Compagne di classe 2.0 / Les anciennes camarades 2.0

Ici on parle français (je vais essayer)

Allo scritto avevano estratto la N e il mio cognome inizia per M. Sono stata la penultima in tutto il liceo a sostenere l’esame orale per la maturità, davanti a una commissione stanca e annoiata che non vedeva l’ora di andarsene al mare, forse più di quanto ne avessi voglia io.
La riga ai capelli di lato (solo per le grandi occasioni), Levi’s 501 sbiaditi, i piedi sudati dentro le Palladium (mamma mia se eravate brutte) e una maglia larga a righe bianche e blu di tre taglie più grandi e che mi faceva sentire elegante (l’importante era crederci). Mi ci ero messa d’impegno per sembrare “matura”.
Per diventarlo, invece, ho dovuto aspettare ancora qualche bell’annetto.

Dal mio esame sono passati 20 anni. Le Torri Gemelle erano ancora in piedi, Matteo Renzi faceva lo scout con in tasca i 48 milioni di lire vinti alla Ruota della Fortuna e io, qualche mese dopo, avrei avuto occhi a cuoricino e pensieri sconci tutti per Marco Cocci in Ovosodo (ero pronta a scommettere che i suoi dread profumassero di violetta, beata e tenera giovinezza).

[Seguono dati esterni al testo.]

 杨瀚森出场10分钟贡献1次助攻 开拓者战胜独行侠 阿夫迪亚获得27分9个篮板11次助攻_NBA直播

La bellezza di quattro lustri, dicevamo. Due decenni. Un quinto di secolo.
E se non fosse per il gruppo su whatsapp “A 20 anni dal diploma” messo su dalle mie ex compagne di banco, io, al tempo che scorre impietoso e inesorabile, non ci stavo pensando troppo.

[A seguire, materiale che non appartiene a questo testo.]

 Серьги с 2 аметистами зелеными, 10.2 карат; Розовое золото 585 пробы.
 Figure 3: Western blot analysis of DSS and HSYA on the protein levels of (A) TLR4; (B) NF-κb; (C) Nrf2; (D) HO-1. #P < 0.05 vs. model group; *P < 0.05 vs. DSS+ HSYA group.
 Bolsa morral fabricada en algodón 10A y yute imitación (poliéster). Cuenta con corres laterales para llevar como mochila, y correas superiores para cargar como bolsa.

Adesso, invece, è impossibile sfuggirne. Il gruppo me lo ricorda in continuazione.
Succede che una mattina allungo la mano per spegnere la sveglia del cellulare e la prima cosa che vedo è la notifica “93 messaggi non letti”. Una sfilza di “buonanotte” e “buonaotte a te“, “buongiorno” e “buongiorno a te” e “chicazzosenefrega” e “chicazzosenefrega a te“.
Foto e video di fiori, cuori rosso fuoco, pulcini pio pio, cieli azzurri e spiagge assolate (mentre qui indosso la felpa e piove, e il fastidio diventa proporzionale ai gradi registrati dalla versione belga del general Bernacca). Citazioni, aforismi e minchiate messe in fila per trentatre col resto di trentadue.

Carissime mie ex compagne di classe (eravamo 26 donne e poi c’era M.,  santo M., sopravvissuto ogni giorno, stoicamente, come una roccia in mezzo alle onde, alla crisi premestruale, mestruale e postmestruale di qualcuna di noi), io non vedo l’ora di incontrarvi davanti alla buonissima pizza commemorativa che mangeremo a Le Macine (Flora, per me una Regina, grazie!)

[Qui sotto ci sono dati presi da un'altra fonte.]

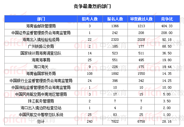 為幫助廣大考生更清晰的了解今日?qǐng)?bào)名情況,中公網(wǎng)校整理了審核通過(guò)人數(shù)的部門以及競(jìng)爭(zhēng)比例最激烈的部門,供廣大考生參考:

Non vedo l’ora – sempre se ci riconosceremo – di guardarci le rughe, le panze post-figli e/o post-birre, di sapere dove state, cosa fate, con chi state, chi si è sposato, chi ha divorziato, chi è diventata suora, chi da brutto anatroccolo si è trasformato in un fantastico cigno e finalmente copula, e chi da fantastico cigno si è trasformato in brutto anatroccolo e magari copula lo stesso.

Non vedo davvero l’ora di incontrarvi tutte – tutti, se M., a maturità raggiunta, avrà il coraggio e la forza di vederci ancora una volta tutte assieme (in tal caso chapeau!) – e affogare nelle rimembranze nostalgico-malinconiche del nostro mitico liceo.
Sono sicura che a Carlo Verdone e Compagni di Scuola gli faremo un baffo!
Ma nel frattempo – vogliate perdonarmi amiche mie – io direi non spammiamoci più e volemose bene di persona, o no?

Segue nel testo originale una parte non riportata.